How to convert sparse matrix to dense form using python

python numpy matrix scipy word-frequency

12,051

Solution 1

List comprehension is the easiest way:

new_list = [[b for _,b in sub] for sub in mx]

Result:

>>> new_list
[[2, 1, 1, 1, 1, 3, 4, 2, 5, 1], [1, 5, 2, 1, 1, 1, 1, 1, 1, 2], [2, 1, 1, 1, 2, 1, 1, 1, 1, 1]]

Solution 2

Here's a pretty hacky way to do what you're asking for :

dense = [[int(''.join(str(val) for _, val in doc))] for doc in mx]

Basically it converts each value from the nested tuples into a string and concatenates all of those strings together, then converts that back to an integer. Repeat for each element of mx.

Solution 3

Your source data do not really match any of the built-in formats supported by sparse matrices in SciPy (see http://docs.scipy.org/doc/scipy/reference/sparse.html and http://en.wikipedia.org/wiki/Sparse_matrix), so using .todense() will not really be productive here. In particular, if you have something like:

import numpy as np

my_sparseish_matrix = np.array([[(1, 2), (3, 4)]])

then my_sparseish_matrix will already be a dense numpy array ! Calling .todense() on it at that point will produce an error, and doesn't make sense anyway.

So my recommendation is to construct your dense array explicitly using a couple of for loops. To do this you'll need to know how many items are possible in your resulting vector -- call it N.

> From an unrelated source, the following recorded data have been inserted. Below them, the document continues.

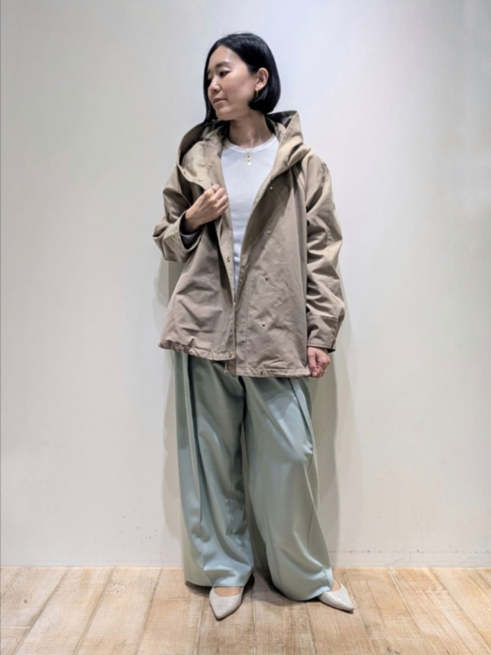 [プロフィール] 身長:164cm 骨格ウェーブ・ブルベ夏 普段サイズ:トップス38/ボトム38〜40 [qualite]タスランストレッチフードブルゾン 着用サイズ:F ハリのある素材感で立体的に着られる春のブルゾン。ゴールドカラーのスナップで、品があります。カジュアル過ぎない大人のフーディーブルゾンです。 [qualite]シアーテレコロングスリーブT 着用サイズ:F さらっとした薄手のシアーリブカットソー。スタンダードなデザインで着回し万能なアイテムです。異なるカラー2枚重ね着しても◎細身ですがあまりボディラインに張り付かないきれいなシルエットです。 [qualite]テンセルハイツイストワイドパンツ 着用サイズ:38 薄手の滑らかな生地のようなパンツ。タックの入った太めのワイドストレートで、ボディラインはカバーしてくれます。センタープレスが入っておりすっきりしたイメージで履けます。
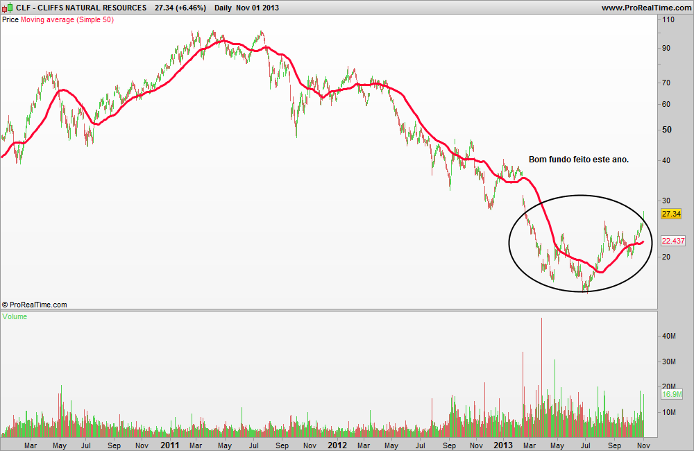 Olha, quando a CLF é preciso ter cautela para já, é verdade que a vela é verdinha, mas face ás subidas desde os 20 USD ( desde inicio de outubro) até agora é uma valorização fantástica, e pode fazer quiçá em breve um reteste ao suporte pelos 24 USD ( o que até seria "saudável")
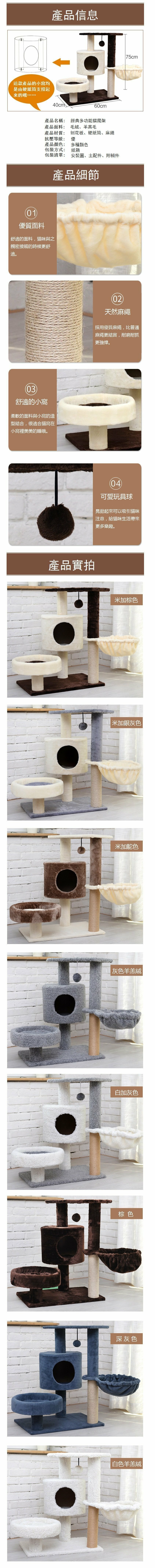 熱推三層跳臺空中床貓窩貓樹(灰色羊羔絨)40*60*75
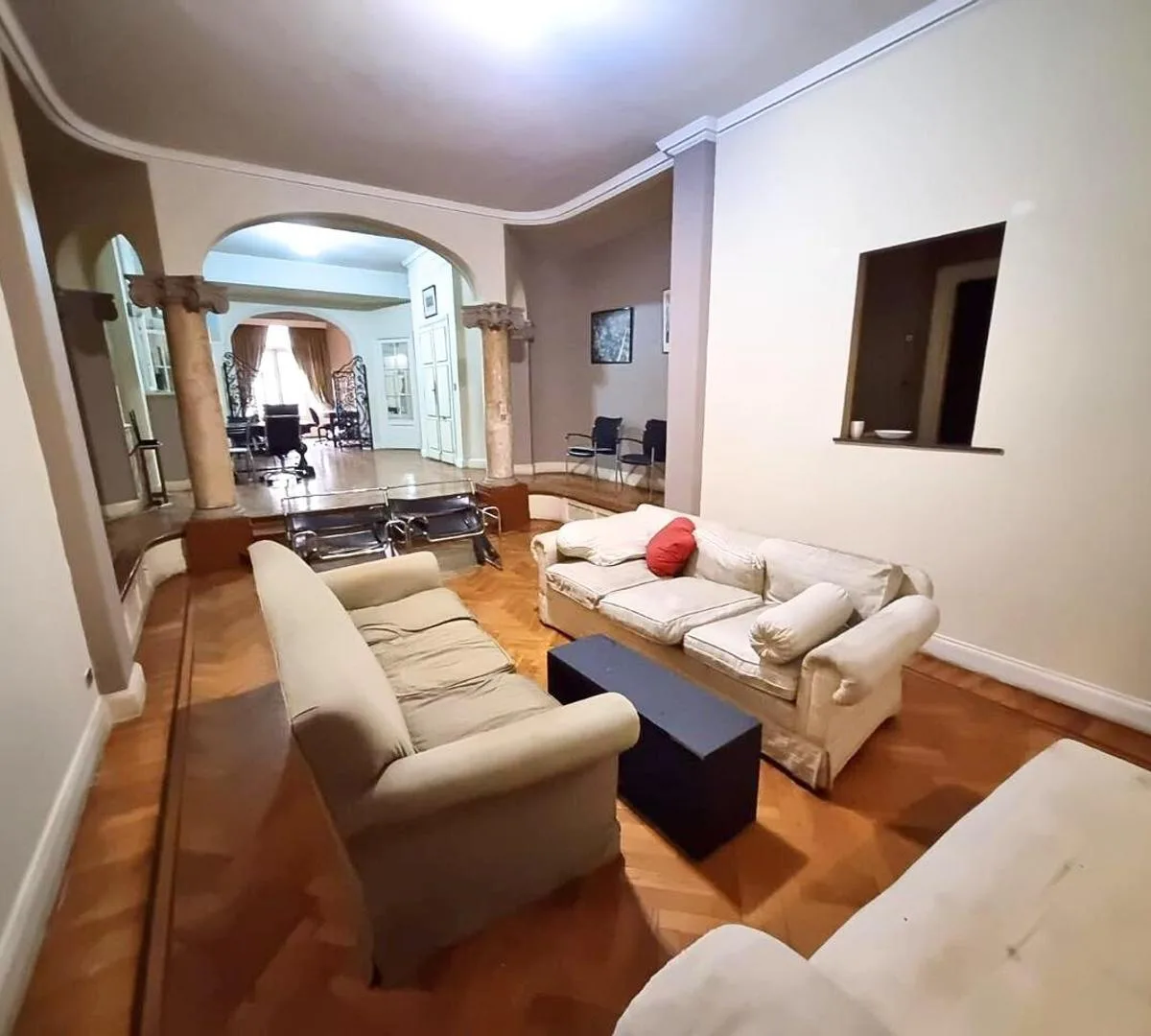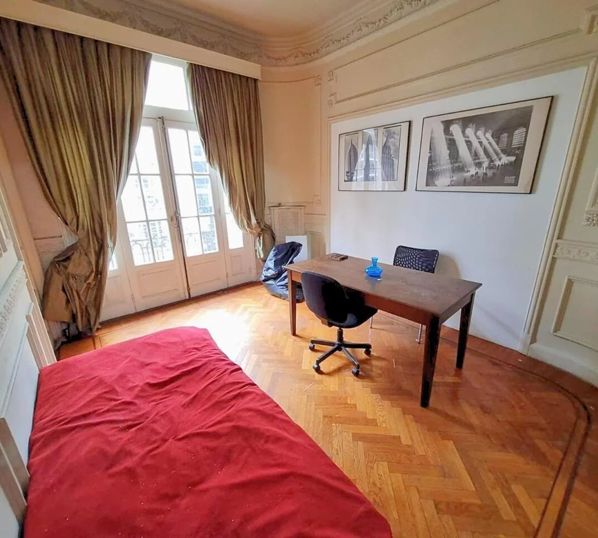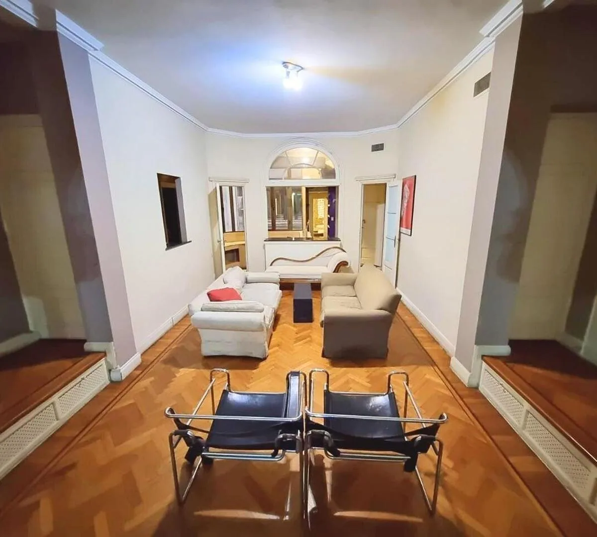 Apartamento em edifício antigo, com 310 m² no 4º andar, entre as ruas Suipacha e Carlos Pellegrini, com frente e fundos. Conta com hall privativo. A unidade tem 5 quartos, sendo 3 suítes, lavabo de recepção, sala de estar com lareira e colunas, sala de jantar em desnível para a rua, escritório contíguo com saída para varanda, cozinha, quarto de serviço e setor de lavanderia.

dense_vector = np.zeros((N, ), int)
for inner in mx:
    for index, value in inner:
        dense_vector[index] = value

12,051

Author by

Tiger1

Updated on June 04, 2022

Comments

Tiger1 almost 2 years
I have the following matrix which I believe is sparse. I tried converting to dense using the x.dense format but it never worked. Any suggestions as to how to do this?, thanks.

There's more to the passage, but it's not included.